Edwards has most recently held the position of Projects chief Executive at Queensland’s Department of Innovation and Tourism Industry Development.

Dickson has been City of Gold Coast CEO since 2003.

During his time in the top job, he was instrumental in preparing the city for the Gold Coast 2018 Commonwealth Games as well as steering the Gold Coast through the economic ravages caused by coronavirus.

A former AFL player and long-term local government employee, Dickson joined the City of Gold Coast in 1999 and was appointed CEO in July 2003.

Dickson has experienced a tumultuous relationship with Tate and the mayor’s inner circle, most recently being cleared of any wrongdoing by the Crime and Corruption Commission on February 19 following a referral to the corruption watchdog by the mayor’s media advisor Warwick Sinclair last month.

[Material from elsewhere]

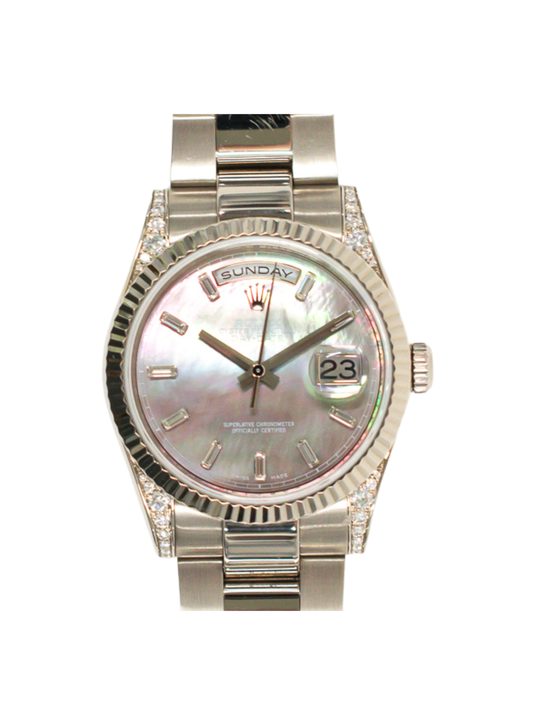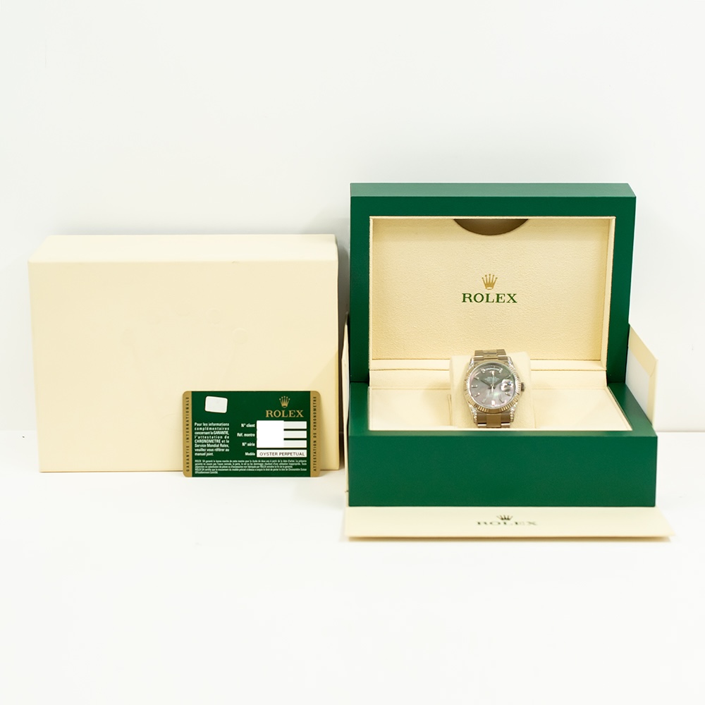 The watch houses the reliable Caliber 3155 movement. It provides a dual display for the day and date, adding both function and heritage. The fluted white gold bezel adds a signature design touch that collectors admire. The President bracelet completes the look with exceptional comfort and elegance.

A year earlier, Dickson dismissed Tate’s former chief of staff Wayne Moran following another investigation by the CCC.

The CCC in its report following the year-long “Operation Yabber” investigation found Moran failed to declare and properly manage conflicts of interest and that Tate allegedly tried to protect Moran from disciplinary action initiated by Dickson.

Dickson announced the termination of Moran’s tenure on 7 February 2020.